Python version: 3.12.3 (main, Aug 14 2025, 17:47:21) [GCC 13.3.0]
Python executable: /home/mikhailarutyunov/projects/time-series-flu/.venv/bin/python3

✅ Python 3.12 verified


## Cell 2: Install and Import Packages

In [2]:
# Note: Packages already installed via uv
# If needed, run: uv pip install ruptures statsmodels lightgbm scikit-learn pandas numpy matplotlib seaborn tabpfn-client python-dotenv
print("📦 Packages should be pre-installed via uv")

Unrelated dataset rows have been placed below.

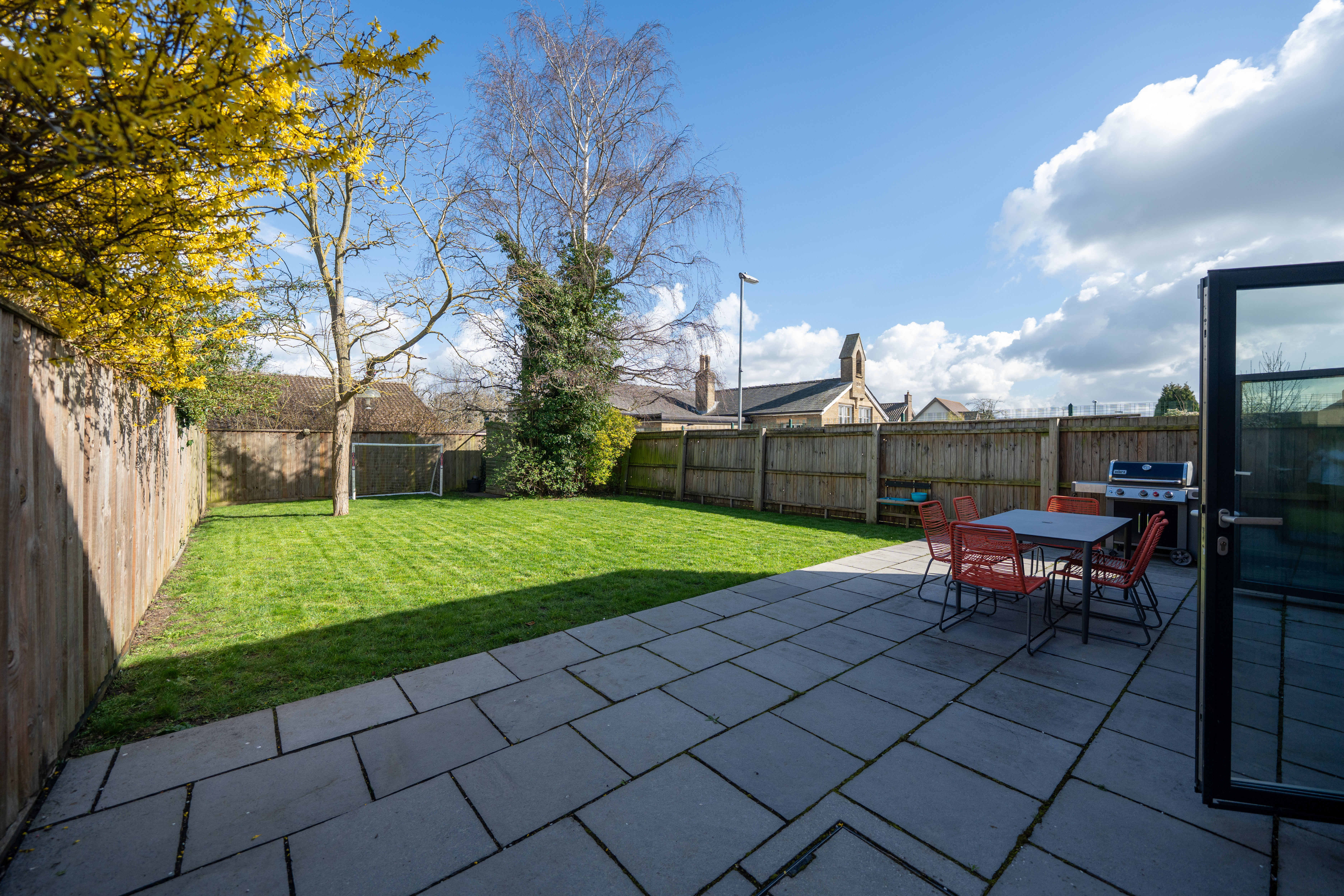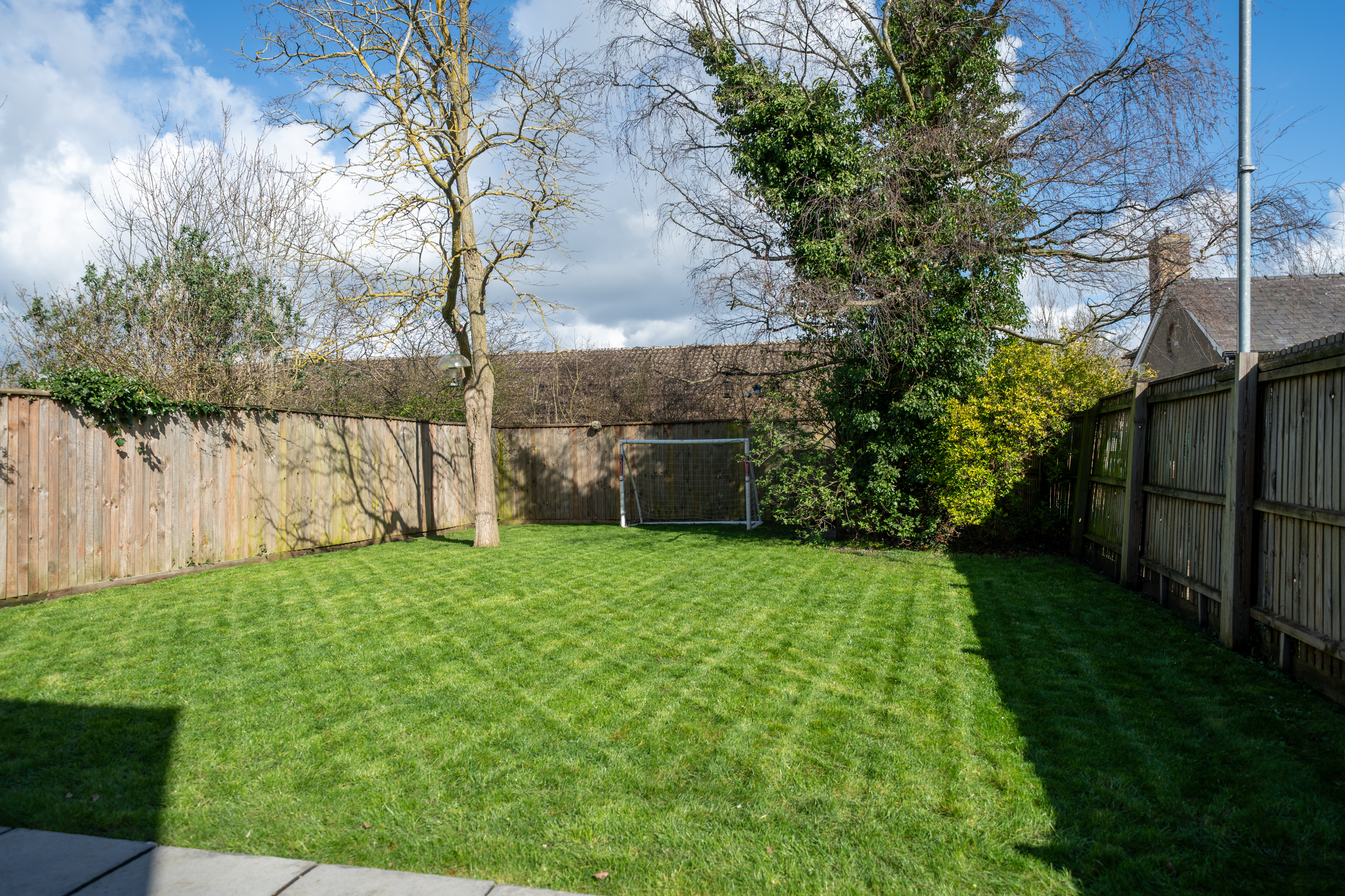 Externally, the property enjoys a generous plot for its type, including a mature, private rear garden extending to approximately 20 metres (65 feet). The space provides plenty of room for children to play, summer entertaining, or simply relaxing in the sun. To the front, there is ample driveway parking. The design of the house, combined with its quiet cul-de-sac position, creates a calm and refined family environment.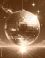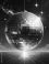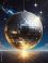 • Giant Disco Ball Illuminates Cosmic Night Sky Above Reflective Dance Floor.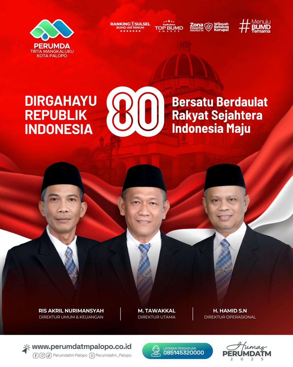 Tintanarasi.com, Palopo – Perusahaan Umum Daerah (Perumda) Tirta Mangkaluku Kota Palopo menyampaikan ucapan selamat memperingati Hari Ulang Tahun (HUT) ke-80 Republik Indonesia. Peringatan tahun ini mengusung tema nasional “Bersatu Berdaulat, Rakyat Sejahtera, Indonesia Maju.”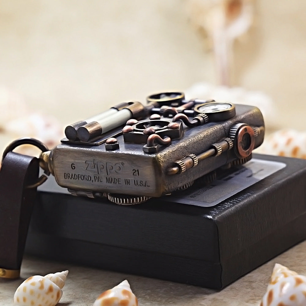 Zippo Antique Brass Steampunk Industrial Gauge - DS176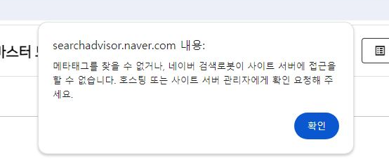 " 메타 태그를 찾을 수 없거나, 네이버 검색로봇이 사이트 서버에 접근을 할 수 없습니다. 호스팅 또는 사이트 서버 관리자에게 확인 요청해 주세요 "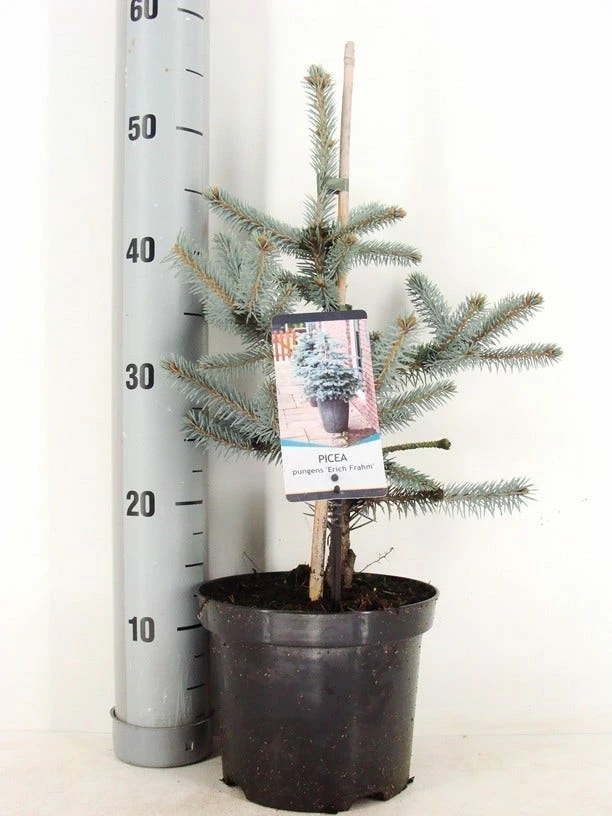 Noorse Blauwspar (Picea pungens ‘Erich Frahm’ komt oorspronkelijk uit de Verenigde Staten en is door de blauwe kleur erg populair. In het voorjaar komen de nieuwe scheuten heel fris tot ontwikkeling. Geef deze exclusieve plant de ruimte, dan komt ze het beste tot haar recht en wordt een fraaie blikvanger in uw tuin. Vooral op droge gronden wordt de plant mooi blauw.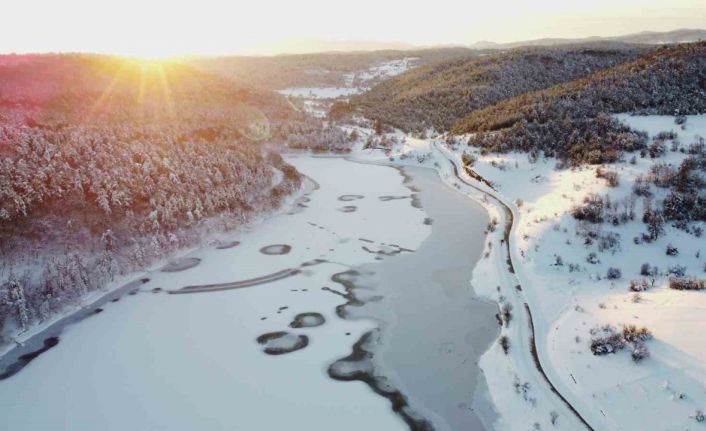 Buz tutan göletler ve çevresindeki karla kaplı alanlar, havadan kaydedilen görüntülerde kartpostallık manzaralar sunarken, bölgedeki kış güzelliği dikkat çekti.
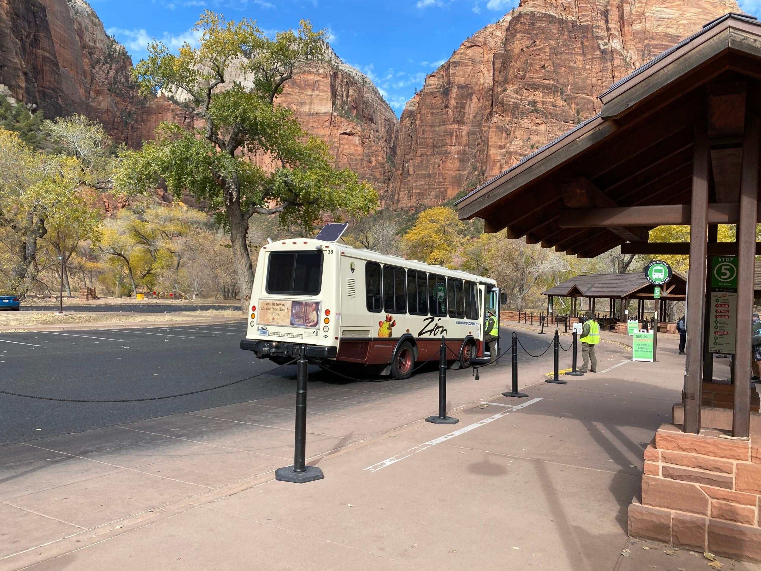 The park service advises that in the busy season, parking lots fill by early- to mid-morning and that your best course of action is to park in Springdale and take the shuttle bus to the park. This is one of two shuttle routes.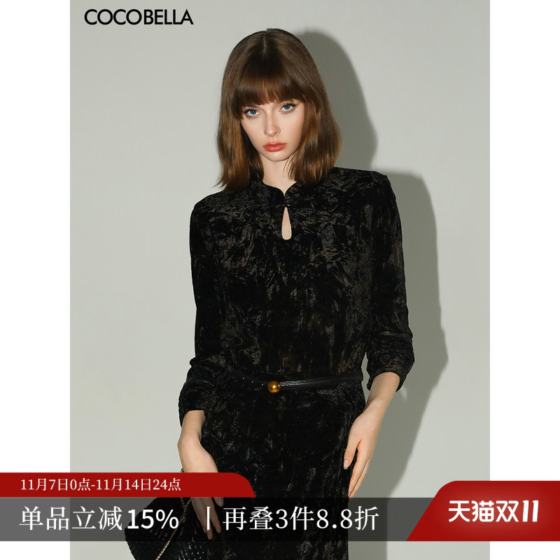 预售COCOBELLA2025新款V领女人味丝绒衬衫女25秋冬通勤衬衣SR0010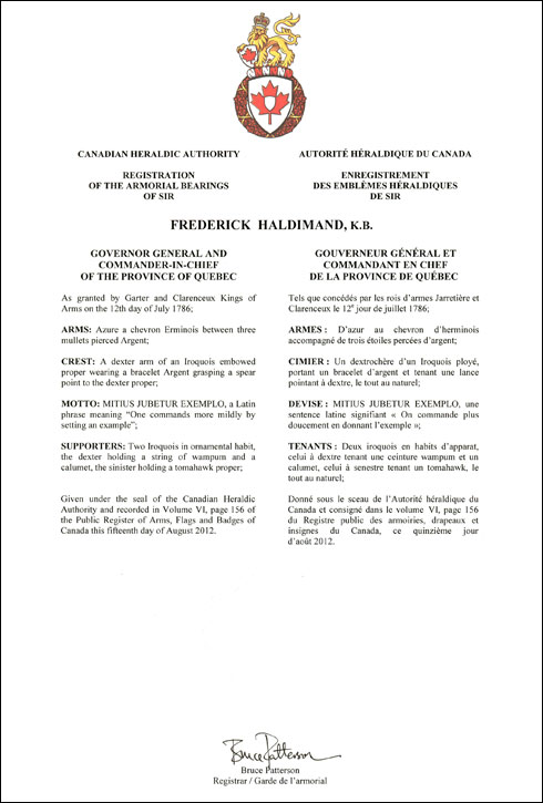 Informations additionnellesCréateur(s)Non disponible Artiste-peintreArtist of the College of Arms, London / Artiste du Collège d’armes, Londres CalligrapheSans objet Type de récipiendaireIndividuel Statut spécialGouverneur général Autres renseignementsLes emblèmes du récipiendaire ont été précédemment consignés dans les archives du Collège d’armes, Londres, Angleterre, 12 juillet 1786. |
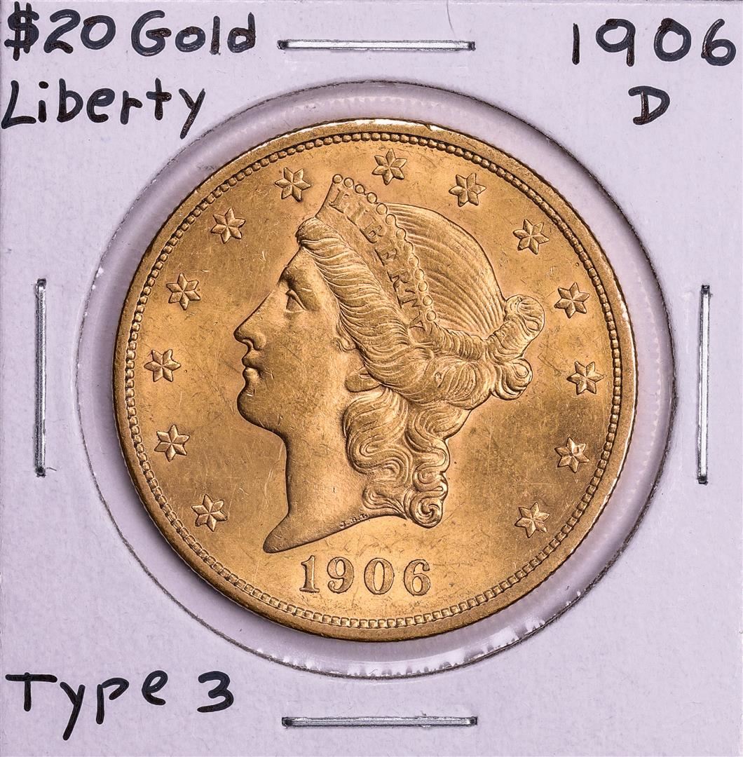 One 1906-D $20 Liberty Head Double Eagle Gold Coin.

📦 Packages should be pre-installed via uv


In [3]:
# Import core packages
import pandas as pd
import numpy as np
import matplotlib.pyplot as plt
import seaborn as sns
from pathlib import Path
import warnings

# Statistical packages
import ruptures
import statsmodels.api as sm
from statsmodels.tsa.deterministic import DeterministicProcess, Fourier
from lightgbm import LGBMRegressor

# TabPFN
import tabpfn_client
from dotenv import load_dotenv
import os

print("✅ All packages imported successfully")
print(f"\nPackage versions:")
print(f"  pandas: {pd.__version__}")
print(f"  numpy: {np.__version__}")
print(f"  statsmodels: {sm.__version__}")
print(f"  ruptures: {ruptures.__version__}")

✅ All packages imported successfully

Package versions:
  pandas: 2.3.1
  numpy: 2.3.3
  statsmodels: 0.14.5
  ruptures: v1.1.10


In [4]:
# Pin random seeds
np.random.seed(42)

# Suppress warnings for cleaner output
warnings.filterwarnings('ignore')

print("✅ Random seeds pinned (np.random.seed=42)")

✅ Random seeds pinned (np.random.seed=42)


In [5]:
# Verify CPU-only execution (no CUDA)
# Check if torch is installed (will be for chronos later)
try:
    import torch
    if torch.cuda.is_available():
        print("⚠️  WARNING: CUDA is available but should NOT be used")
        print(f"   CUDA devices: {torch.cuda.device_count()}")
        print("   Force CPU usage in model configs")
    else:
        print("✅ CPU-only execution verified (no CUDA available)")
except ImportError:
    print("✅ PyTorch not installed yet (will install with chronos in nb/03)")

✅ PyTorch not installed yet (will install with chronos in nb/03)


## Cell 3: Create Folder Tree and Verify TabPFN API

In [6]:
# Project root
project_root = Path.cwd().parent

# Create directories
data_dir = project_root / "data"
results_dir = project_root / "results"
forecasts_dir = results_dir / "forecasts"
figures_dir = results_dir / "figures"

# Ensure all directories exist
data_dir.mkdir(parents=True, exist_ok=True)
forecasts_dir.mkdir(parents=True, exist_ok=True)
figures_dir.mkdir(parents=True, exist_ok=True)

print("✅ Directory structure verified:")
print(f"   Data: {data_dir}")
print(f"   Forecasts: {forecasts_dir}")
print(f"   Figures: {figures_dir}")

# Verify data file exists
data_file = data_dir / "NHSdata_dailypercentace_flupositive.csv"
if data_file.exists():
    print(f"\n✅ Data file found: {data_file.name}")
else:
    print(f"\n⚠️  WARNING: Data file not found: {data_file}")

✅ Directory structure verified:
   Data: /home/mikhailarutyunov/projects/time-series-flu/data
   Forecasts: /home/mikhailarutyunov/projects/time-series-flu/results/forecasts
   Figures: /home/mikhailarutyunov/projects/time-series-flu/results/figures

✅ Data file found: NHSdata_dailypercentace_flupositive.csv


In [7]:
# Load and verify TabPFN API key
env_file = project_root / ".env"

if env_file.exists():
    load_dotenv(env_file)
    api_key = os.getenv("PRIORLABS_API_KEY")
    
    if api_key:
        # Set TabPFN access token (following examples/06 pattern)
        tabpfn_client.set_access_token(api_key)
        print("✅ TabPFN client initialized (API key loaded from .env)")
    else:
        print("⚠️  WARNING: PRIORLABS_API_KEY not found in .env file")
else:
    print("⚠️  WARNING: .env file not found")
    print("   TabPFN will not be available in rolling forecast loop")

✅ TabPFN client initialized (API key loaded from .env)


## Summary

Environment setup complete. All checkpoints passed:
- ✅ Python 3.12 verified
- ✅ Core packages installed
- ✅ Random seeds pinned
- ✅ CPU-only execution (no CUDA warnings)
- ✅ Directory structure created
- ✅ Data file verified
- ✅ TabPFN API key loaded

Ready to proceed to Notebook 01 (Data Preparation).